Rahul Gandhi with Digvijaya Singh and Kamal Nath during a public meeting in Satna, Madhya Pradesh. (Photograph: PTI)
Rahul Gandhi with Digvijaya Singh and Kamal Nath during a public meeting in Satna, Madhya Pradesh. (Photograph: PTI)

The Congress party’s competition for political space is more with India’s regional parties than with the Bharatiya Janata Party, the Congress Lok Sabha candidate from Bhopal and current Rajya Sabha Member of Parliament Digvijaya Singh told BloombergQuint.

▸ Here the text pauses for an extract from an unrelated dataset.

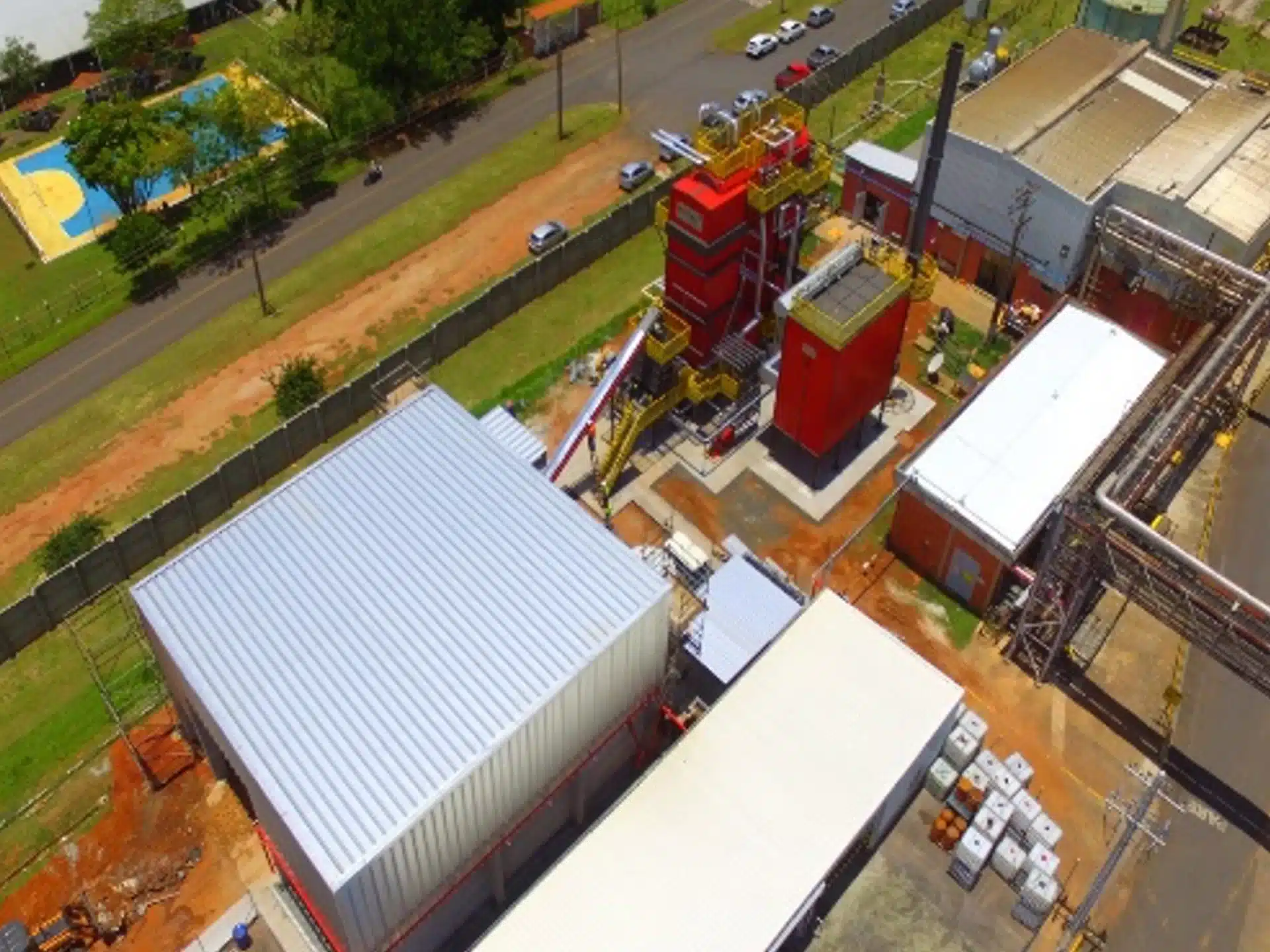 Caldeira de alta pressão a biomassa de 150 ton/h e turbina a vapor de 16.800 kW, unidade de processamento de biomassa, sistema de filtragem composto por precipitador eletrostático.

The BJP has a core support base which is ideological. The other ideology—that of Gandhi, Lohia, Nehru—that is left-of-centre and socialist, there is competition on that.
Digvijaya Singh, Congress Leader

Singh explained why the Congress finds itself with loggerheads with Bahujan Samaj Party leader Mayawati, despite the opposition’s common desire to defeat the Narendra Modi-led BJP.

No regional party wants to see the Congress strong in its area.
Digvijaya Singh, Congress Leader

As a result, the Congress has been unable to enter the alliance between BSP and the Samajwadi Party in Uttar Pradesh, and reach an agreement with the Aam Aadmi Party over the seats in Delhi. The Congress has finalised alliances in Tamil Nadu, Karnataka, Maharashtra, Bihar, and Jharkhand.

Digvijaya Singh added that while a number of anti-BJP parties are contesting the Lok Sabha elections separately, he expects them to come together after the results on May 23.

I take you back to 2004. The SP, BSP, and Congress had contested separately. But when it came to government formation, the three came to an agreement on how the government would function, and did so for 10 years.